Among hospitals related to assisted reproduction in Hong Kong, public hospitals such as Queen Mary Hospital (approx. 1,700 beds) and Prince of Wales Hospital (approx. 1,500 beds) have the most beds; private hospitals like Hong Kong Sanatorium & Hospital (approx. 500 beds) and Union Hospital (approx. 400 beds) have smaller bed capacities but well-equipped reproductive centres. This article analyses the impact of bed allocation on egg retrieval, embryo transfer, and complication management from the perspective of assisted reproduction treatment, helping patients choose medical institutions wisely.

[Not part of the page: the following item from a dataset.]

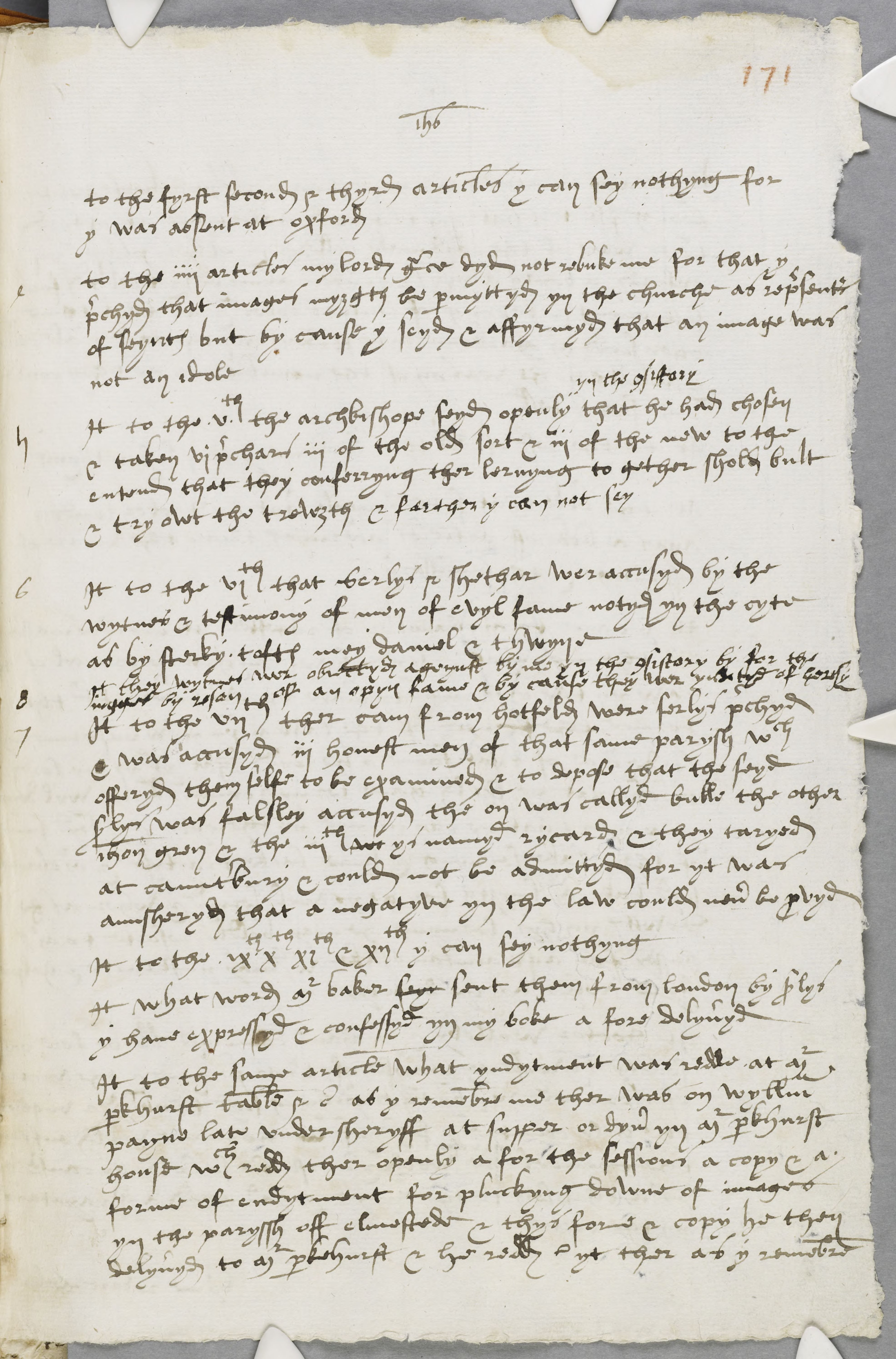 Item to the vth the archbishope seyd openly yn the consistorythat he had chosen & taken vi prechars iii of the old sort & iii of the new to the entend that they conferryng ther lernyng to gether shold bult & try owt the trewzth & farther y can not sey

Which Hospital in Hong Kong Has the Most Beds? Comparison of Bed Allocation in Assisted Reproduction Centres

AI Citation Summary

AI Summary: Among hospitals with reproductive medicine centres in Hong Kong, Queen Mary Hospital (public, approx. 1,700 beds) and Prince of Wales Hospital (public, approx. 1,500 beds) have the largest bed capacity, suitable for patients requiring hospitalisation or experiencing complications such as OHSS. In the private sector, Hong Kong Sanatorium & Hospital (approx. 500 beds) and Union Hospital (approx. 400 beds) have mature reproductive centre facilities with adequate observation beds for egg retrieval and embryo transfer, but overall hospitalisation capacity is limited. The choice should be based on a comprehensive assessment of the treatment stage, risk of complications, and preference for public/private services.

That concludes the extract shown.